Footnote 3:Plaintiffs contend that the second page of the form is not signed by the "Ethics Committee Designee," as appears to be required as the New Matter Sheet is stamped "Match."

Footnote 4:All blank pages are presumably redacted.

Footnote 5:Defendants also argue that under section 46 of The Restatement (Third) Governing Lawyers, there is an exception to disclosure of documents to a client where "a substantial grounds" exists to refuse to produce such documents. However, the comments to the section indicate that such substantial grounds relate to when, inter alia, the documents contain confidences of another client that the lawyer was required to protect, and, as indicated above, there is no basis here for withholding the documents on that ground. The comments further state that an attorney may refuse to disclose certain internal documents, but also provide that under such circumstances "a tribunal may properly order discovery of the document[s], when discovery rules so provide."

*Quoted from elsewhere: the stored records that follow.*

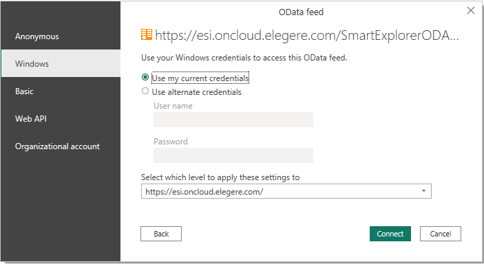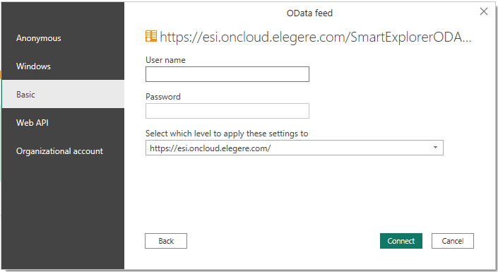 When providing ODATA Feed to Microsoft Power BI, eLegere supports only the Basic Authentication and Windows protocols.
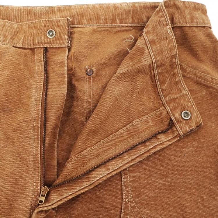 コメント:60~70年代のヴィンテージ カーハートの ダックペインターパンツです。 ダブルニーはここ数年で一気に人気アイテムになりましたね。 こちらは腰のパッチポケットがダブルニーになる古いモデル。 またカラーもオールド特有のチョコレートのようなブラウン。 デカCのドットボタン、クロッチリベット、プリントタグ、ユニオンチケット、42タロンジップ。 こちらゴールデンサイズですよ! 一目でヴィンテージと分かるパンツです。
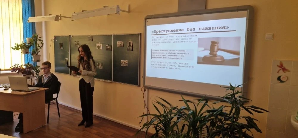 В этот день мы не просто вспоминаем о тех трагических днях, мы объединяемся в борьбе с любыми современными проявлениями нацизма и геноцида. Эта дата напоминает нам об одной из самых важных страниц в истории нашей страны. О Великой Отечественной войне, которую нельзя забывать, мы обязаны сохранить историческую память об этих трагических событиях в жизни нашего народа .. Закончили урок минутой молчания...
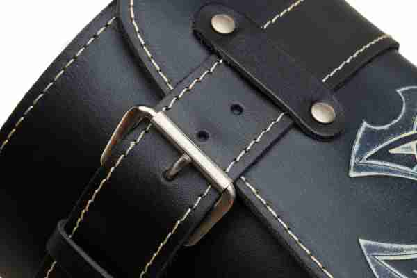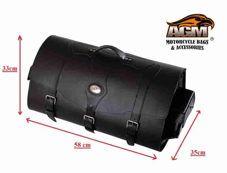 The roller is attached with leather straps, available in a set, which can be mounted vertically or horizontally. The roller can be mounted in many places on your motorcycle: to the handlebar, shin, above the lamp, under the lamp or to the motorcycle frame. If you want, you can also mount the roller to the backrest ("sissi bar") or to the trunk - generally wherever you can attach it with two leather straps. Additionally, it can be attached to the side of the motorcycle as a side bag. In the production of the medium roll, stainless steel rivets were used to secure all components. The roll skin is already impregnated. However, if you want to use the waterproofing agent yourself, we recommend skin care paste with the addition of beeswax.
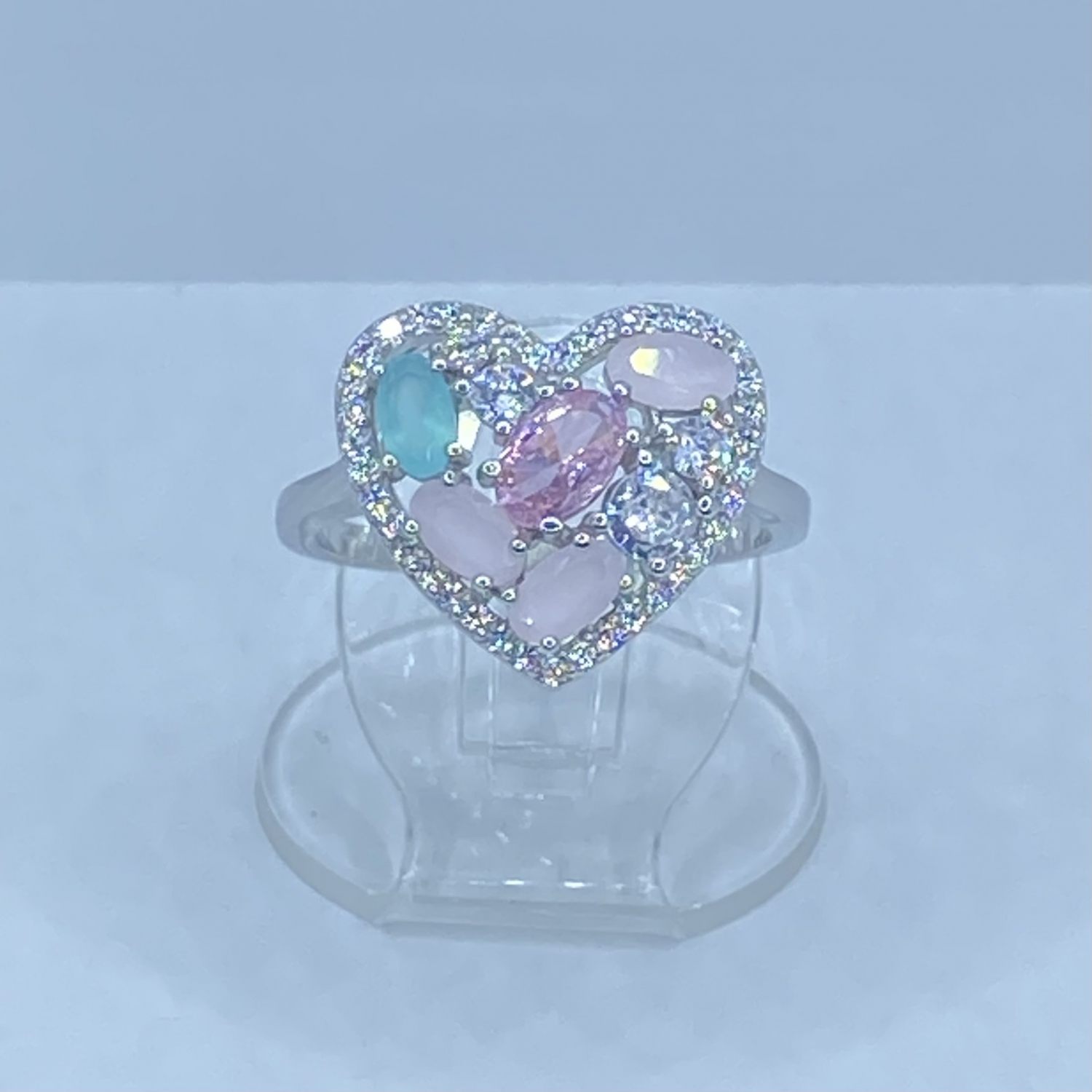 Szív alakú ezüst gyűrű pasztell színű kövekkel | Almond Ékszer Webáruház
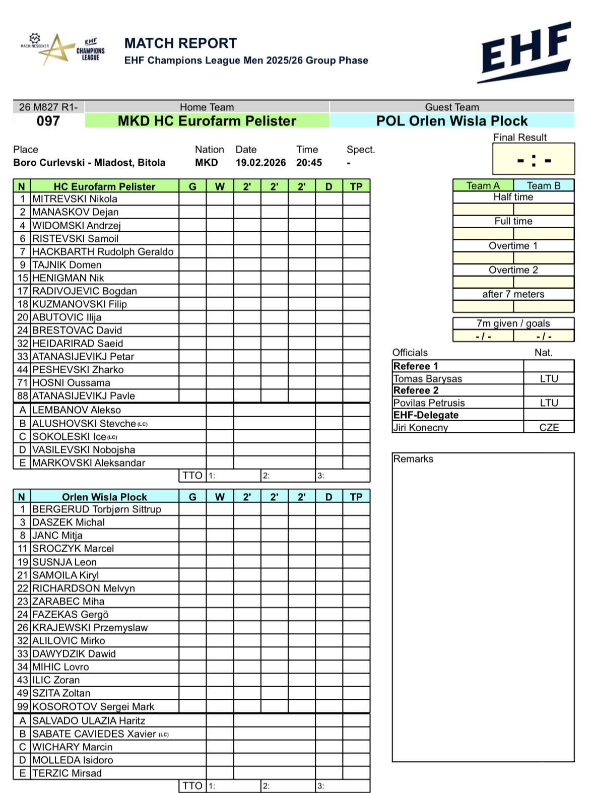Алушовски за овој меч нема да смета на Калајџиески, Хаџиќ и Кузманоски, додека сите останати ќе има на располагање. Во тимот на Висла Плоцк недостигаат Абел Сердио и Мирсад Терзиќ.
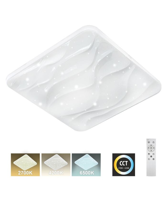 LED stropní svítidlo TR-610S - NERIS Trixline v bílé barvě se třpytivým efektem je určeno do vnitřních prostor jako jsou obývací pokoje, ložnice, haly, kanceláře, chodby a podobná místa. Pomocí přiloženého ovladače můžete přepínat mezi třemi světelnými teplotami v rozmezí 2700K až 6500K, které lze stmívat dle potřeby pro navození příjemné atmosféry. Při maximálním ztlumení klesá spotřeba až na pouhých 8W z původních 60W, což zaručuje úsporu energie. Další možností na dálkovém ovladači je i noční režim a funkce 30 vteřin po jejichž uplynutí se LED svítidlo samo vypne. Svítidlo si po vypnutí pamatuje poslední nastavený režim, což zajišťuje pohodlné a intuitivní používání.V nabídce máme světlo NERIS také ve variantě TR-609S - NERIS 36W 3420lm 43x43cmVýkon: 60WSvětelný tok: 5700lmTeplota světla: 2700K - 6500KMateriál: PP (plast) + kovTvar: čtverecVnější rozměr světla: 530x530x75mmZpůsob montáže: přisazenýBarva: bíláMožnost stmívání: anoÚhel vyzařování: 120°Indexpodání barev: Ra ?80Krytí: IP20Napětí: AC 220~240VFrekvence: 50/60HzObsah balení: LED stropní svítidlo TR-610S - NERIS, ovladač (2xAAA baterie není součástí), 4x šroubky (délka 2,5cm, křížová drážka) , 4x hmoždinky (délka 2,5cm), návod k použití
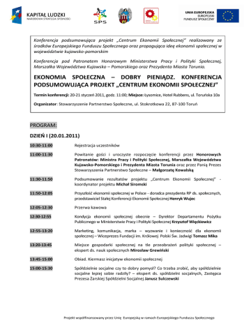 Konferencja podsumowująca projekt „Centrum Ekonomii Społecznej” realizowany ze środków Europejskiego Funduszu Społecznego oraz propagująca ideę ekonomii społecznej w województwie kujawsko-pomorskim Konferencja pod Patronatem Honorowym Ministerstwa Pracy i Polityki Społecznej, Marszałka Województwa Kujawsko – Pomorskiego oraz Prezydenta Miasta Torunia. EKONOMIA SPOŁECZNA – DOBRY PIENIĄDZ. KONFERENCJA PODSUMOWUJĄCA PROJEKT „CENTRUM EKONOMII SPOŁECZNEJ” Termin konferencji: 20-21 styczeo 2011, godz. 11:00; Miejsce: Łysomice, Hotel Rubbens, ul. Toruoska 10a Organizator: Stowarzyszenie Partnerstwo Społeczne, ul. Stokrotkowa 22, 87-100 Toruo PROGRAM: DZIEO I (20.01.2011) 10:30-11:00 Rejestracja uczestników 11:00-11:30 Powitanie gości i uroczyste rozpoczęcie konferencji przez Honorowych Patronatów: Ministra Pracy i Polityki Społecznej, Marszałka Województwa Kujawsko-Pomorskiego i Prezydenta Miasta Torunia oraz przez Panią Prezes Stowarzyszenia Partnerstwo Społeczne – Małgorzatę Kowalską 11:30-11:50 Podsumowanie rezultatów projektu „Centrum Ekonomii Społecznej” koordynator projektu Michał Siromski 11:50-12:05 Przyszłośd ekonomii społecznej w Polsce - doradca prezydenta RP ds. społecznych, przedstawiciel Stałej Konferencji Ekonomii Społecznej Henryk Wujec 12:05-12:30 Przerwa kawowa 12:30-12:55 Kondycja ekonomii społecznej obecnie – Dyrektor Departamentu Pożytku Publicznego w Ministerstwie Pracy i Polityki Społecznej Krzysztof Więckiewicz 12:55-13:20 Marketing, komunikacja, marka – wyzwanie i koniecznośd dla ekonomii społecznej – Wiceprezes Fundacji im. Królowej Polski Św. Jadwigi Tomasz Mika 13:20-13:45 Miejsce gospodarki społecznej na tle przeobrażeo polityki społecznej – ekspert ds. nauk społecznych Mirosław Grewioski 13:45-15:00 Obiad. Kiermasz inicjatyw ekonomii społecznej 15:00-15:30 Spółdzielnie socjalne czy to dobry pomysł? Co trzeba zrobid, aby spółdzielnie socjalne lepiej sobie radziły? – ekspert ds. spółdzielni socjalnych, Zastępca Prezesa Żarskiej Spółdzielni Socjalnej Janusz Sulczewski Projekt współfinansowany przez Unię Europejską w ramach Europejskiego Funduszu Społecznego 15:30-16:00 Perspektywy na rok 2011 dla rozwoju ekonomii społecznej w województwie kujawsko-pomorskim - Dyrektor Regionalnego Ośrodka Polityki społecznej w Toruniu Dorota Wróblewska 16:00-16:30 Przerwa kawowa 16:30-17:00 Kolejny okres programowania dla ekonomii społecznej – ekspert w zakresie ekonomii społecznej, wiceminister pracy w latach 2004-2005, Radca Ministra w Ministerstwie Rozwoju Regionalnego w latach 2006-2009 Cezary Miżejewski 17:00-18:00 Panel dyskusyjny z przedstawicielami ośrodków ekonomii społecznej z województwa kujawsko-pomorskiego – Michał Siromski 19:00 Uroczysta kolacja DZIEO II (21.01.2011) 10:00-10:10 Otwarcie II dnia konferencji 10:10-12:00 Dyskusje panelowe – 3 grupy 1 Czy środki UE pomagają, czy też psują ekonomię społeczną w kontekście spółdzielni socjalnych i NGO? – Krzysztof Więckiewicz 2 Możliwości współpracy ekonomii społecznej, pomocy społecznej i rynku pracy na rzecz osób wykluczonych społecznie – Cezary Miżejewski 3 Wizerunek ekonomii społecznej. Co można zrobid, żeby rozpoznawalnośd ekonomii społecznej była większa? – dziennikarz TVP Bydgoszcz Marek Mikielewicz 12:00-12:30 Podsumowanie konferencji 12:30 Obiad MARSZAŁEK WOJEWÓDZTWA KUJAWSKO-POMORSKIEGO PIOTR CAŁBECKI PREZYDENT MIASTA TORUNIA MICHAŁ ZALESKI Projekt współfinansowany przez Unię Europejską w ramach Europejskiego Funduszu Społecznego

Footnote 6:Defendants cite St. Paul Fire and Marine Insurance Co. v. Bernstein Management Corp., 158 Misc 2d 1047 (Civ Ct City of NY 1993) in support of this position. However, while remarking that tort suits were the main concern fueling the passage of CPLR 3101 (f), the court in St. Paul Fire did not hold that the statute applies only tort actions. Instead, the court held, that the statute was inapplicable since it was a subrogation action and the insurance policy was directly relevant to the issues involved.